On day- 5, another large bullish candle is formed which closes higher than the candle on day- 1, indicating the continuation of the current uptrend.
In falling three- methods, the exact opposite would occur in a downtrend.
How to trade-
For a rising three- method, buy at the open on day- 6, with a stop loss below the low price on day- 1.
For a falling three- method, sell at the open on day- 6, with a stop loss below the high price on day- 1.
 
GBP/JPY- DAILY CHART (Falling three- methods)
 
 
 
 
 
 
 
 
 
 
 
 
 
 
 
 
 
How to maximise profits by applying trading concepts-
 
a)              All trading concepts and applications have their limitations and cannot assure positive returns every time they are implemented. If they work on a majority of implemented trades, they are considered to be a winning concept.
b)              The risk- reward ratio should always be greater than 1, in favour of the latter.

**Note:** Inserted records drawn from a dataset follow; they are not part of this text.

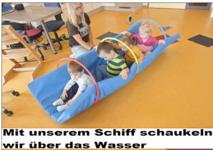
Mit unserem Schiff schaukeln wir über das Wasser

Große gespannte Kinderaugen, ob das Schiffchen schwimmt. Natürlich hat auch jedes Kind sein eigenes Schiffchen gebaut, um es Mama und Papa zu Hause zu zeigen. Begleitet mit dem Singspiel „Schiffchen auf dem blauen Meer“ sowie einer kleinen Turnstunde, fühlten sich die Jungen und Mädchen wie kleine Kapitäne.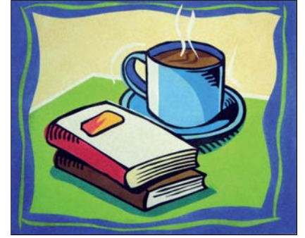
Ref. PRD-62 46x38 cm (8F)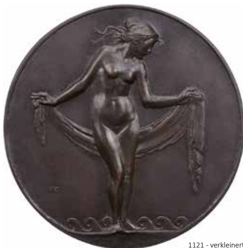
1121 - verkleinert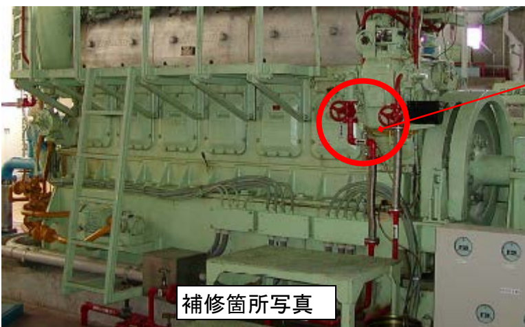
補修箇所 (3号主原動機)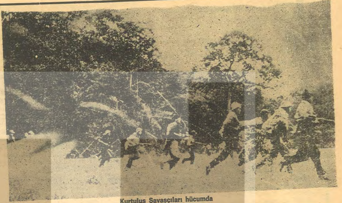
Kurtuluş Savaşçıları hücumda

Şu ana kadar gelen haberlere göre... Kurtuluş cephesi taarruzu, geçen yılki Têt taarruzu boyutlarına erişmiş değildir. Fakat 72 hedefe birden aynı anda ve başarıyla hücum ederek, Ulusal Kurtuluş Cephesi, gücünü ve ülkenin gerçek sahibi olduğunu, dünyaya bir kere daha ispatlamıştır.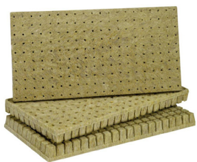
Paluszki AO Plug 25/40 -25*25*40 mm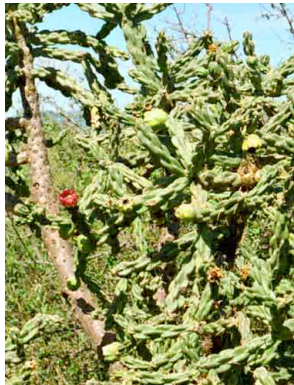
11 Opuntia imbricata CACTACEAE Cardon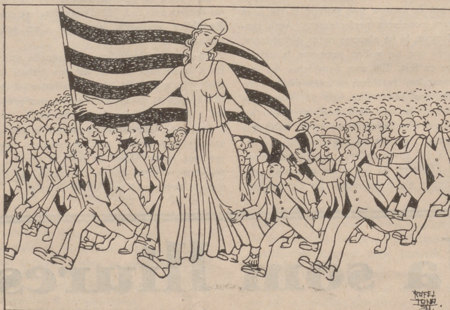
—Ja us n'haveu convençut que la unió fa la força?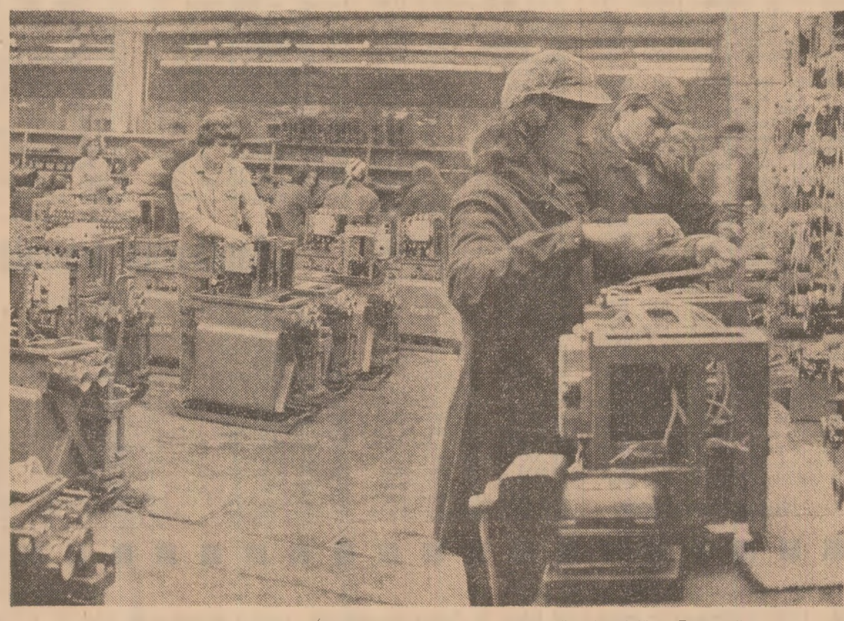
Electrocontact, una din noile întreprinderi de pe noua platformă industrială a Botoșaniilor

— I.A.T.C.-ul, Întreprinderea de utilități și piese de schimb, „Electrocontact”. Întreprinderea de izolatoare, Întreprinderea mecanică... Adresa industrială de date re-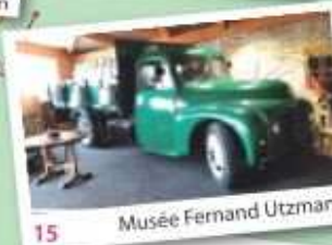
15 Musée Fernand Utzmann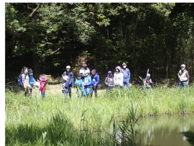
いりえ C(入江) グループ①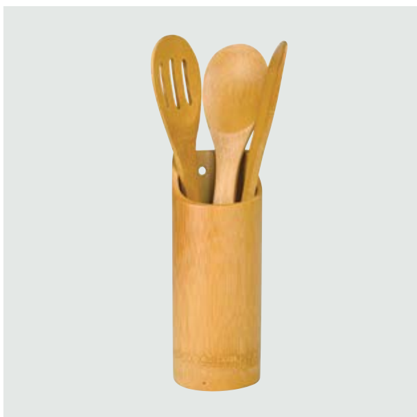
CAS 58 Spoon Set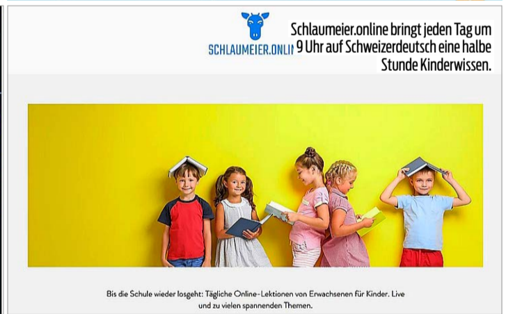
Schlaumeier.online bringt jeden Tag um 9 Uhr auf Schweizerdeutsch eine halbe Stunde Kinderwissen.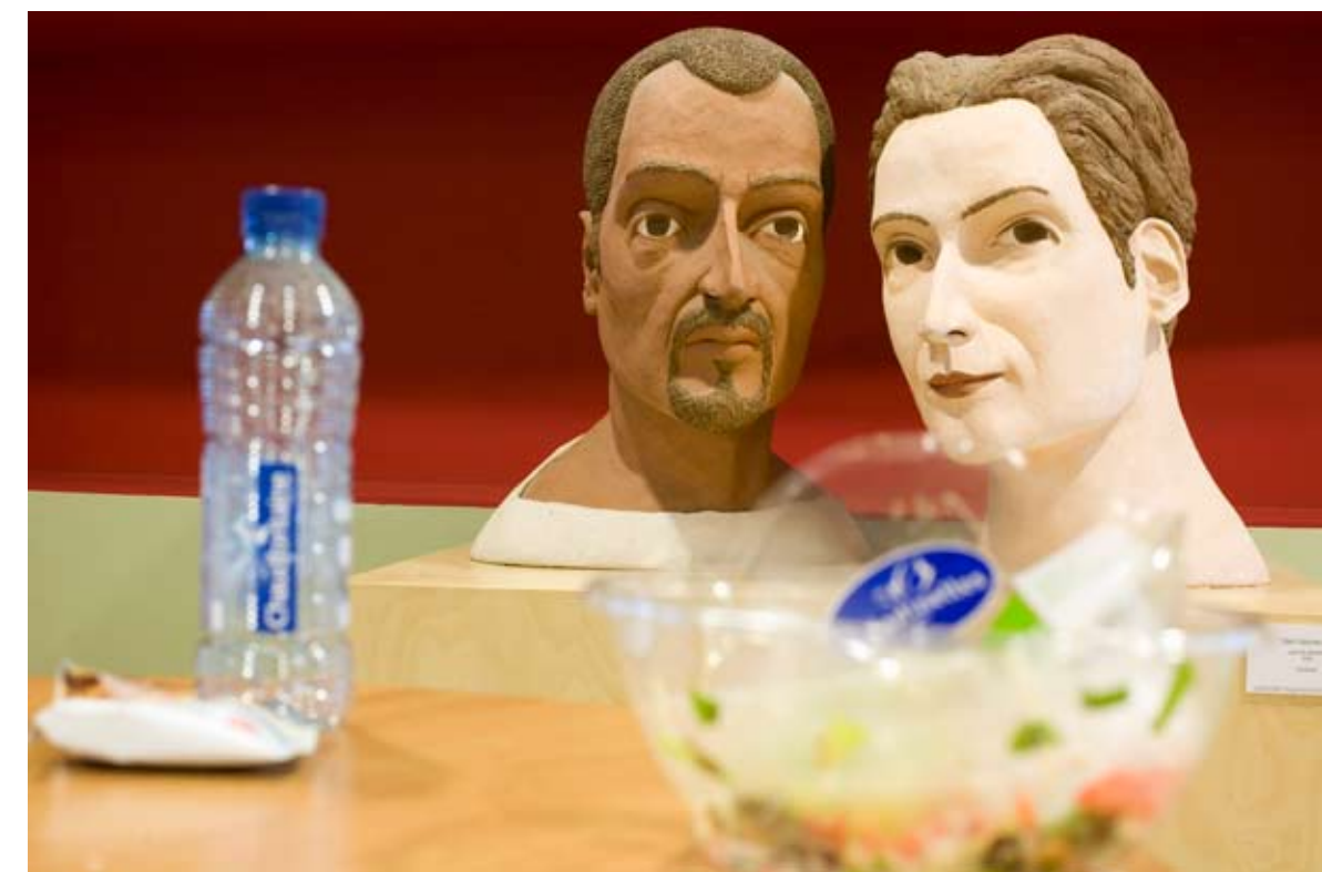
Werk: Cyrus & Elisabeth, 2005, beelden keramiek Locatie: Museumpark, kantine Kunstenaar: Cert Germeraad, afgestudeerd in 1991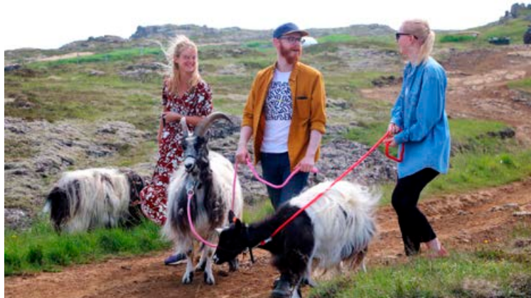
Geiturnar taka upp á ýmsu á labbinu, yfirleitt tengt því að borða, því þær sjá lítinn tilgang í að fara í göngutúr ef það er ekki til að finna eitthvað að borða.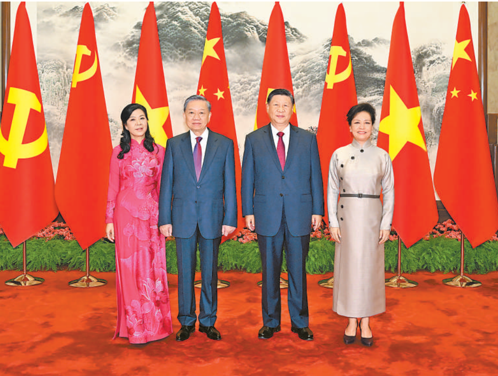
8月19日,中共中央总书记、国家主席习近平在北京人民大会堂同来华进行国事访问的越共中央总书记、国家主席苏林举行会谈。这是会谈前,习近平和夫人彭丽媛同苏林和夫人吴芳瑞合影。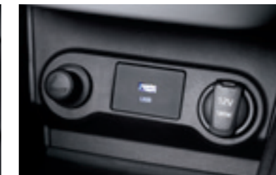
Порт USB та порт живлення 12V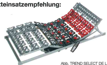
Abb. TREND SELECT DE LUXE

Bestens kombinierbar mit Produktlinie TREND SELECT ODER PREMIUM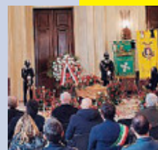
Il feretro in Sala Alessi.

parso venerdì all'età di 82 anni. Il feretro è stato scortato dalla famiglia in piazza Scala, prima di avviarsi ad una sepoltura privata. «Tognoli era uno che c'era sempre per chi aveva bisogno», ha detto il sindaco Sala.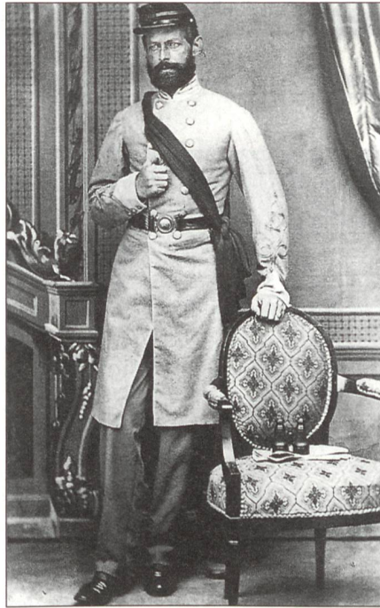
1863/64 reiste Henry Wirz für vier Monate nach Europa. Dabei besuchte er auch die Schweiz. Das 1863 von einem Fotografen in Baden aufgenommene Bild zeigt Wirz in der Uniform der Südstaaten.

Dass Henry Wirz nach dem Bürgerkrieg als einziger «Kriegsverbrecher» am Galgen endete, dafür gibt es verschiedene Gründe. Wirz diente der Justiz in erster Linie als Mittel zum Zweck: Im Fadenkreuz der Jus-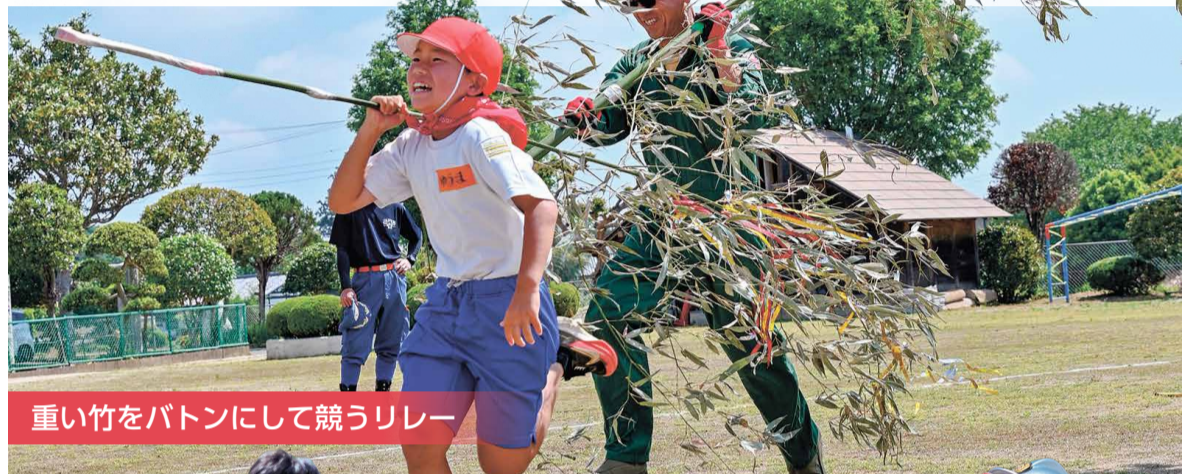
重い竹をバトンにして競うリレー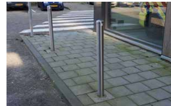
RVS afzetpaal Ø 89 mm, 7 stuks in 30x30 tegel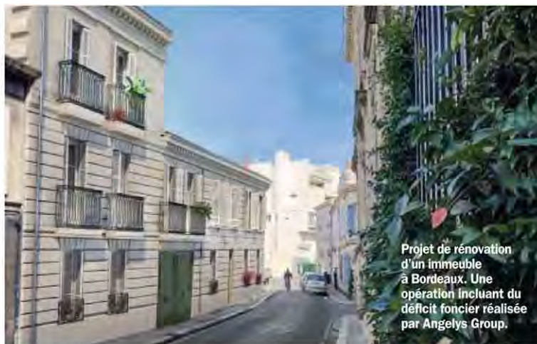
Projet de rénovation d'un immeuble à Bordeaux. Une opération incluant du déficit foncier réalisée par Angelys Group.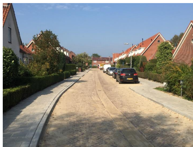
Figuur 1, De Wilhelminastraat maandag 25 september.

De afgelopen maand zijn wij bezig geweest met de werkzaamheden in de Wilhelminastraat en de Julianastraat. De werkzaamheden in de Emmastraat zijn vlak voor onze bouwvak vakantie afgerond. Tevens is voor de bouwvak ook nog het vuilwater- en infiltratieriool in het eerste gedeelte van de Wilhelminastraat aangebracht. Na de bouwvak is het riool in het laatste gedeelte van de Wilhelminastraat gerealiseerd en is de nieuwe bestrating aangebracht. Afgelopen vrijdag, 22 september, zijn deze werkzaamheden volgens planning afgerond en is het wegvak weer opengesteld voor verkeer.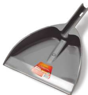
BRK-9353 Pá Doméstica Recogedor Uso Doméstico | Domestic Dustpan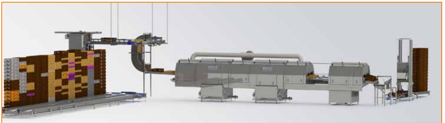
Automatisierung vor- und nach der Waschmaschine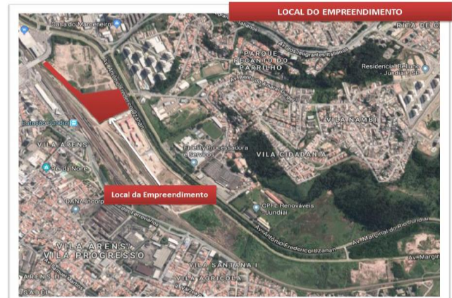
Imagem 01 – Localização do empreendimento

O EMCCAMP RESIDENCIAL S/A, (lote 03), está localizado na Av. Antônio Frederico Ozanam, via estrutural, situada na zona de Desenvolvimento dos Corredores Urbanos – ZDCU, imóvel de matrícula nº 168.764, do 2º ORI de Jundiaí, de propriedade de EMCCAMP INCORPORAÇÃO JUNDIAÍ SPE LTDA.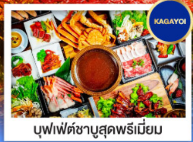
บุฟเฟ่ต์ชาบูสุดพรีเมียม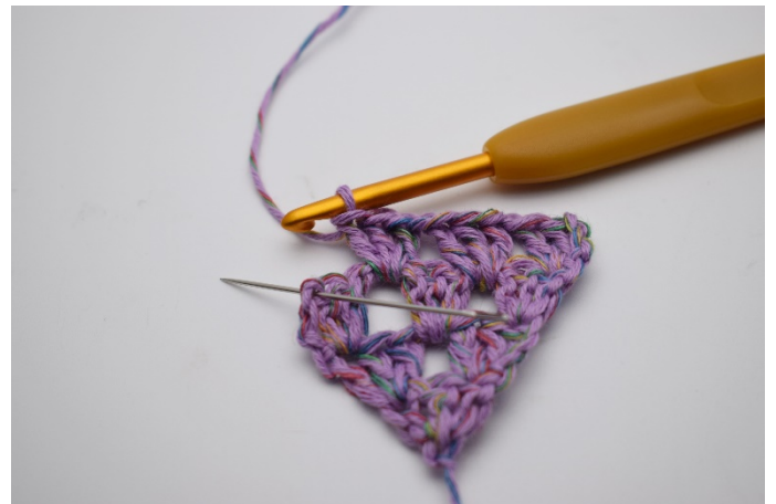
18. I sista m som nålen markerar..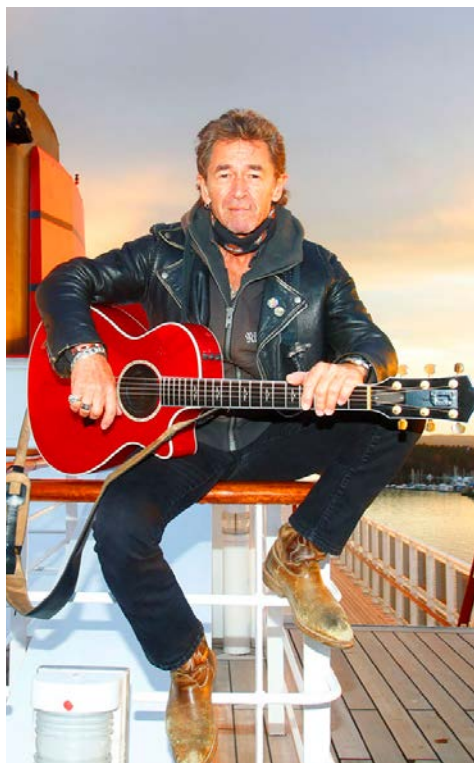
Freuen Sie sich auf einen großartigen Musiker

Auf 13 Decks warten mehr als 100 große und kleinere Attraktionen darauf, jeden Tag an Bord zum schönsten Ihres Lebens werden zu lassen. Inspiration finden Sie zum Beispiel bei einem Rundgang durch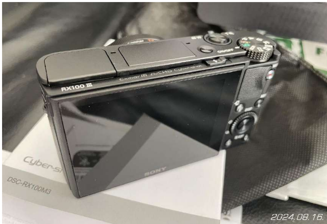
Sony DSC-RX100M3 fényképezőgép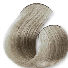
Louro Claríssimo Pérola Suave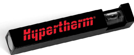
Pocket level and tape magnet Niveau de poche et support aimanté de ruban Nivel de bolsillo y porta cinta adhesiva Taschenwasserwaage und Bandmagnet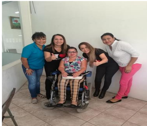
Día Internacional de la Mujer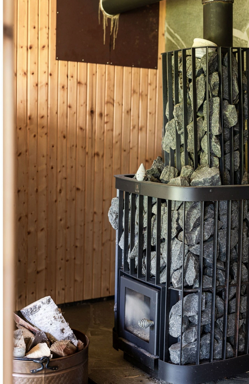
VEDELDAD BASTU MED EGEN UTGÅNG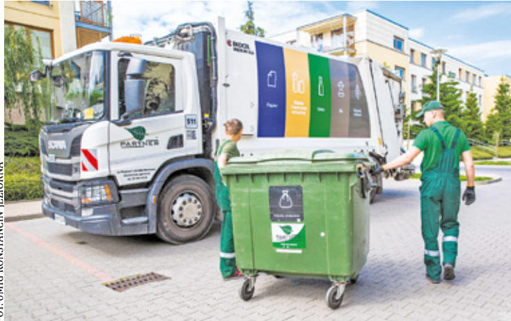
Jak czytamy w komunikacie Urzędu Miasta i Gminy Konstancin-Jeziorna mimo tych wszystkich zmian rachunki nie wzrosną. Od lat obowiązuje ta sama stawka za gospodarowanie odpadami komunalnymi

Przez najbliższe dwa miesiące nadal obowiązują ustalenia z poprzednią firmą Jarper harmonogram odbioru odpadów komunalnych na terenie całej gminy oraz z punktu selektywnej zbiórki odpadów przy ul. Mirkowskiej 43C.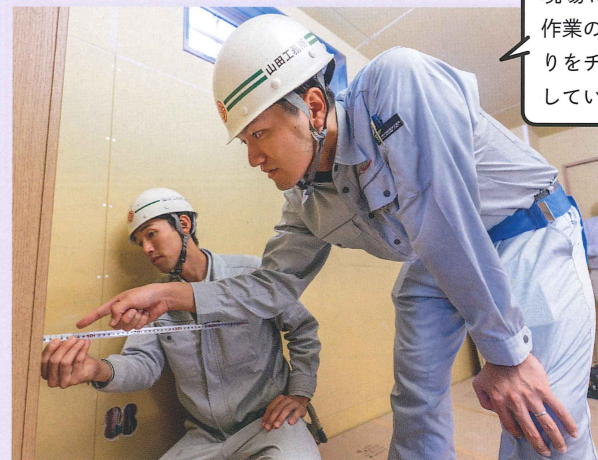
現場に入り、作業の仕上がりをチェックしていく。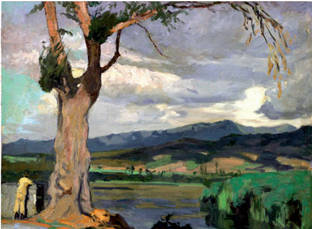
Figure 4 : Les dessertes domestiques sud-africaines assurées par des LCCs en été 2019

Limitées aux relations intérieures, ces deux cartes ne montrent pas que certaines compagnies débordent plus ou moins largement des frontières sud-africaines. Pour la South African Airways, c’était même l’essentiel de son fonds de commerce, avec des lignes intercontinentales et vers le reste de l’Afrique sub-saharienne (Pirie, 2006). C’était aussi le cas de ses deux affiliés régionaux qui complètent son offre en desservant des lignes sur certaines destinations secondaires des pays voisins (ainsi que depuis Le Cap sur la Namibie). Parmi les autres acteurs, British Airways/Comair a pu obtenir des droits de trafic sur certaines de ces destinations proches (Windhoek, Livingstone, Victoria Falls et Harare), ainsi que sur Maurice. Des vols de mi-journée étaient alors organisés depuis et vers le hub du Gauteng, à la fois dans le cadre de trafics de point à point et en correspondance avec les services intercontinentaux du transporteur britannique ainsi qu’avec les opérations domestiques de sa franchise sud-africaine. En situation pré-COVID 19 toujours, les LCCs sud-africaines ne débordaient par contre pas des frontières du pays, à l’exception très marginale de quelques vols de fin de semaine de Mango sur Zanzibar depuis et vers les deux aéroports du Gauteng.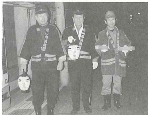
昔なつかし「カチカチ」火の用心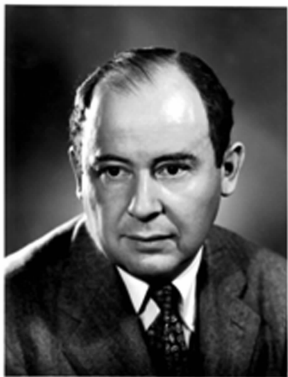
图 1-2 冯·诺依曼

第一代计算机还没有系统软件,用机器语言和汇编语言编程。这时的计算机只能在少数尖端领域中得到应用,如科学、军事和财务等方面。尽管存在这些局限性,但它却奠定了计算机发展的基础。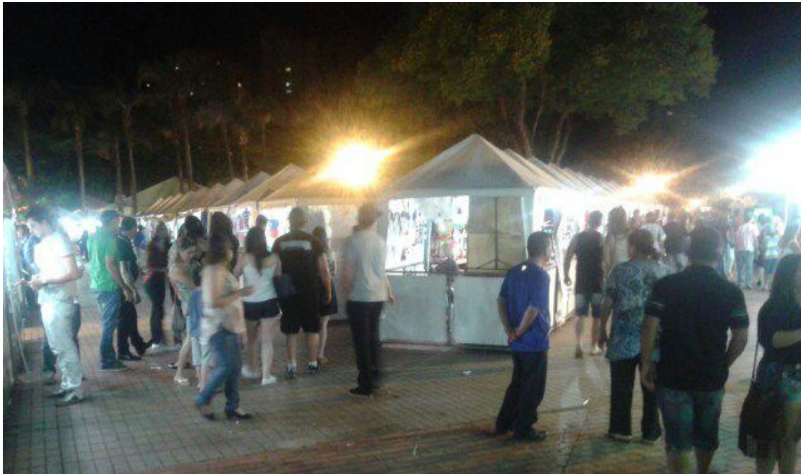
Figura 4 – Barracas de artesanato na Festa dos Estados e das Nações às 20:30h.

A alimentação, além de essencial para a sobrevivência, é uma das opções de várias pessoas quando o assunto é lazer. No caso específico desta festa, ela acaba por unir dois elementos importantes: o sair de sua residência para experimentar o prazer que envolve o saborear pratos diferentes e que fogem muitas vezes do trivial, e, também, a consciência de contribuir para entidades filantrópicas.

c)               Concepts should be modified to be more compliant if constraints are detected.
d)              Multiple concepts can be applied depending on the size of positions, nature of data that is likely to be announced and expected volatility.
e)              Be patient for the markets to settle down while trading major economic events, since markets can be very volatile and vague, immediately after a major data is announced.
f)               While placing stop losses, place them a little away from the supports/ resistances to avoid whipsaws.
 
To be a successful trader, a good trading concept is fine but not adequate. One needs to understand trade management, which is very critical once a trade is initiated.
Before a successful trading concept is implemented, identify the possib variations and outcomes of a trade so that once a decision is made to implement a trade, you are aware of all the possible outcomes and are well prepared to address them.